= Invertible sheaf =

Type of sheaf of modules

In mathematics, an invertible sheaf is a sheaf on a ringed space that has an inverse with respect to tensor product of sheaves of modules. It is the equivalent in algebraic geometry of the topological notion of a line bundle. Due to their interactions with Cartier divisors, they play a central role in the study of algebraic varieties.

==Definition==
Let (X, O_{X}) be a ringed space. Isomorphism classes of sheaves of O_{X}-modules form a monoid under the operation of tensor product of O_{X}-modules. The identity element for this operation is O_{X} itself. Invertible sheaves are the invertible elements of this monoid. Specifically, if L is a sheaf of O_{X}-modules, then L is called invertible if it satisfies any of the following equivalent conditions:
- There exists a sheaf M such that $L \otimes_{\mathcal{O}_X} M \cong \mathcal{O}_X$.
- The natural homomorphism $L \otimes_{\mathcal{O}_X} L^\vee \to \mathcal{O}_X$ is an isomorphism, where $L^\vee$ denotes the dual sheaf $\underline{\operatorname{Hom}}(L, \mathcal{O}_X)$.
- The functor from O_{X}-modules to O_{X}-modules defined by $F \mapsto F \otimes_{\mathcal{O}_X} L$ is an equivalence of categories.

Every locally free sheaf of rank one is invertible. If X is a locally ringed space, then L is invertible if and only if it is locally free of rank one. Because of this fact, invertible sheaves are closely related to line bundles, to the point where the two are sometimes conflated.

==Examples==
Let X be an affine scheme Spec R. Then an invertible sheaf on X is the sheaf associated to a rank one projective module over R. For example, this includes fractional ideals of algebraic number fields, since these are rank one projective modules over the rings of integers of the number field.

==The Picard group==

Quite generally, the isomorphism classes of invertible sheaves on X themselves form an abelian group under tensor product.

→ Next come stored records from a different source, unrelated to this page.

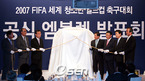 2007 FIFA U-17 월드컵조직위원회 창립총회 및 대회 엠블럼 발표회가 22일 낮 서울 웨스틴 조선호텔에서 열렸다. 왼쪽부터 성무용 천안시장, 이홍구 전 국무총리, 정동채 조직위원장, 김용서 수원시장, 박맹우 울산광역시장, 박양우 문화관광부 차관, 정몽준 대한축구협회장이 엘블럼을 제막하고 있다./주지영 기자 jj0jj0@osen.co.kr...
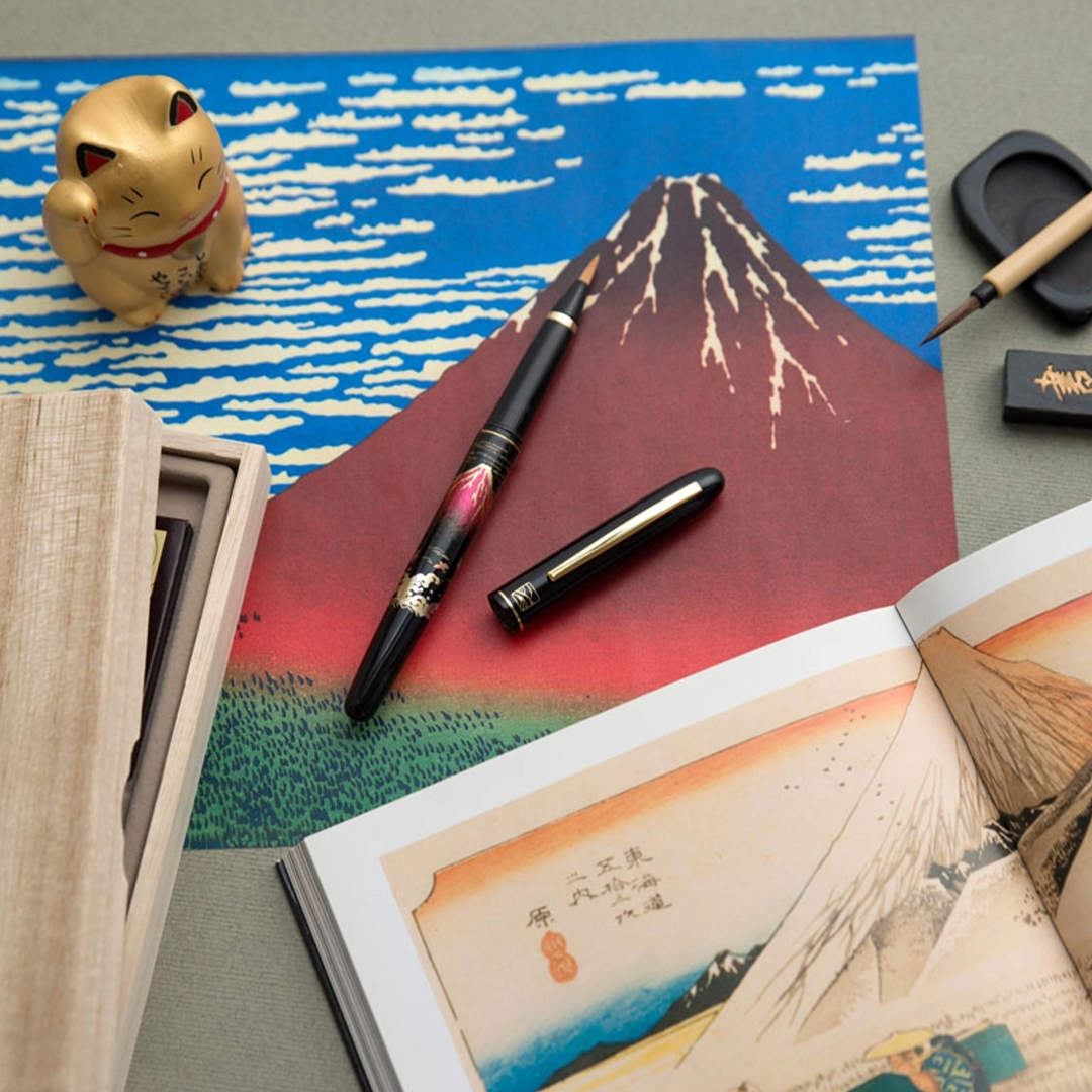 Kuretake Mannen Mouhitsu «Makie-Monogatari» er en luksuriøs serie påfyllbare penselpenner med tradisjonell japansk design inspirert av maki-e, den utsøkte lakkunstformen der gull- og sølvpulver påføres i tynne lag for skimrende, dyprodlige mønstre på mørke overflater. Pulveret består av ultrafine flak eller granulater fra bladgull/sølv som påføres i lakk og poleres for skimrende effekt.
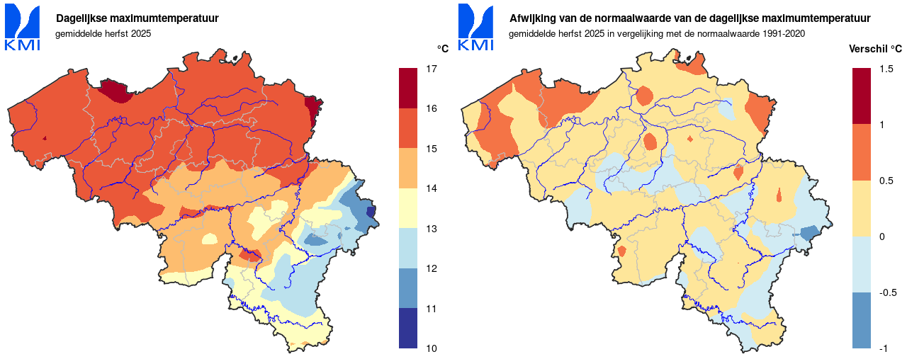 De herfst van 2025 was warmer dan normaal met een gemiddelde temperatuur van 12,0°C (normaal: 11,2°C).

This group generalises the ideal class group. In general it is written

$\mathrm{Pic}(X)$

with Pic the Picard functor. Since it also includes the theory of the Jacobian variety of an algebraic curve, the study of this functor is a major issue in algebraic geometry.

The direct construction of invertible sheaves by means of data on X leads to the concept of Cartier divisor.